Nancy and Helen head to Flora's house, where they discover Wharton and Nate holding Carson and Flora hostage. It is revealed that Wharton and Nate were working together to sabotage the anti-train movement, and that they intended to force Flora to sell her house so the line could be built through her property. When Nancy's investigation proved that the house was not haunted, they were forced to use other means to secure the land. Nancy and Helen work together to save Carson and Flora from their captors, who are then arrested by the police.

The next day at school, Nancy, George, and Bess welcome Helen into their circle of friends, and together they plan their next adventure at the Lilac Inn.

==Cast==
- Sophia Lillis as Nancy Drew
- Zoe Renee as George Fayne
- Mackenzie Graham as Bess Marvin
- Laura Slade Wiggins as Helen Corning
- Sam Trammell as Carson Drew
- Linda Lavin as Flora
- Andrea Anders as Hannah Gruen
- Jesse C. Boyd as Willie Wharton
- Jay DeVon Johnson as Sheriff Marchbanks
- Andrew Matthew Welch as Deputy Patrick
- Jon Briddell as Nate
- Josh Daugherty as Mr. Barnes
- Evan Castelloe as Derek

==Production==
On April 20, 2018, it was reported that Sophia Lillis would star in the film adaptation of Nancy Drew and the Hidden Staircase, which would be produced by Ellen DeGeneres, Jeff Kleeman, and Chip Diggins for Warner Bros. Pictures. Wendy S. Williams served as executive producer. In June, other casting was announced which included Zoe Renee as George, Mackenzie Graham as Bess, Laura Slade Wiggins as Helen, Sam Trammell as Carson, Linda Lavin as Flora, and Andrea Anders as Hannah, along with Jay DeVon Johnson, Andrew Matthew Welch, Jon Briddell, Josh Daugherty, Evan Castelloe, and Jesse C. Boyd. Principal photography on the film took place that same month in Monroe, Georgia.

===Music===
The score of the film was composed by Sherri Chung. Emily Bear composed and sings the songs "More than Just a Girl" and "Daylight".

==Release==
===Marketing===
On January 18, 2019, DeGeneres announced exclusively that the film would be released in theaters on March 15; she also debuted a trailer.
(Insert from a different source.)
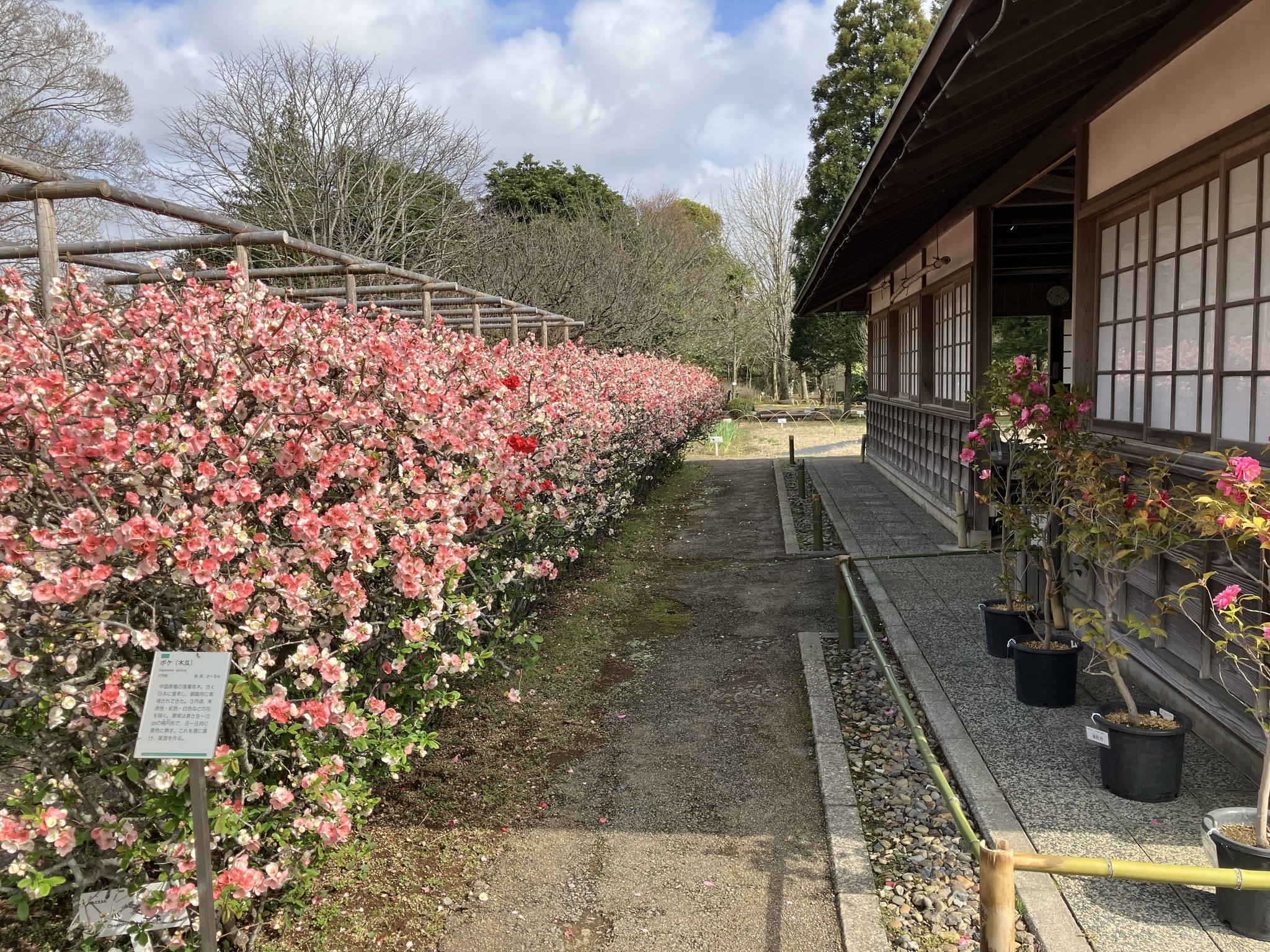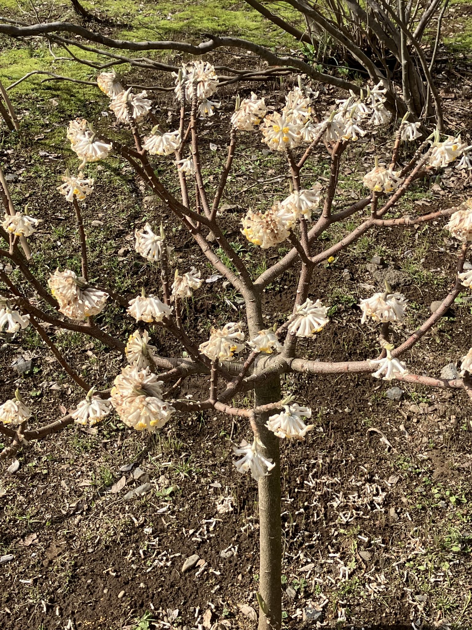 | 歴博の桜は五分咲き程度。まだ花見客が居ないのでゆっくり歩くのが気持ち良い。 | ここも久し振り。企画展をやっていないので客は数人程度。 | 彩り少ない庭園で、ボケの花壁が綺麗。 | こんなに綺麗とは思わなかった。 | ミツマタも意外と綺麗だ。確か故郷の倉敷の田舎で、山遊びの時に取って来たような。紙の原料になるとかで叔父さんに渡したような、あれ、コウゾだったかな。 |

On February 19, 2019, Warner Bros. Pictures released a short clip from the film. In addition, DeGeneres interviewed Lillis on her talk show to promote the film.

===Box office===
As of August 2020, Nancy Drew and the Hidden Staircase grossed $623,088 at the box office, and a further $322,939 with home video sales.

===Critical response===

On Rotten Tomatoes, the film has an approval rating of 76%, based on 25 reviews, with an average rating of . The website's consensus reads, "Elevated by a well-cast Sophia Lillis, Nancy Drew and the Hidden Staircase leads audiences into a genially entertaining new take on the venerable character." On Metacritic, the film has a score of 55 out of 100, based on reviews from 10 critics, indicating "mixed or average reviews".

Peter Debruge of Variety praised the "consistently clever script" saying it "isn't nearly as interested in the mystery as it is in Nancy Drew herself, or in the circle of characters and relationships that surround her. And that’s the smart way to approach such a case, since the movie was clearly intended to be more than a one-off." He also praises Lillis for her performance and says she is "the freshest thing to happen to Nancy Drew in decades, making it clear that casting was the solution that has so often eluded this series in its jump from page to screen in the past."

===Accolades===
Nancy Drew and the Hidden Staircase was nominated for Best DVD or Blu-ray Release at the 45th Saturn Awards.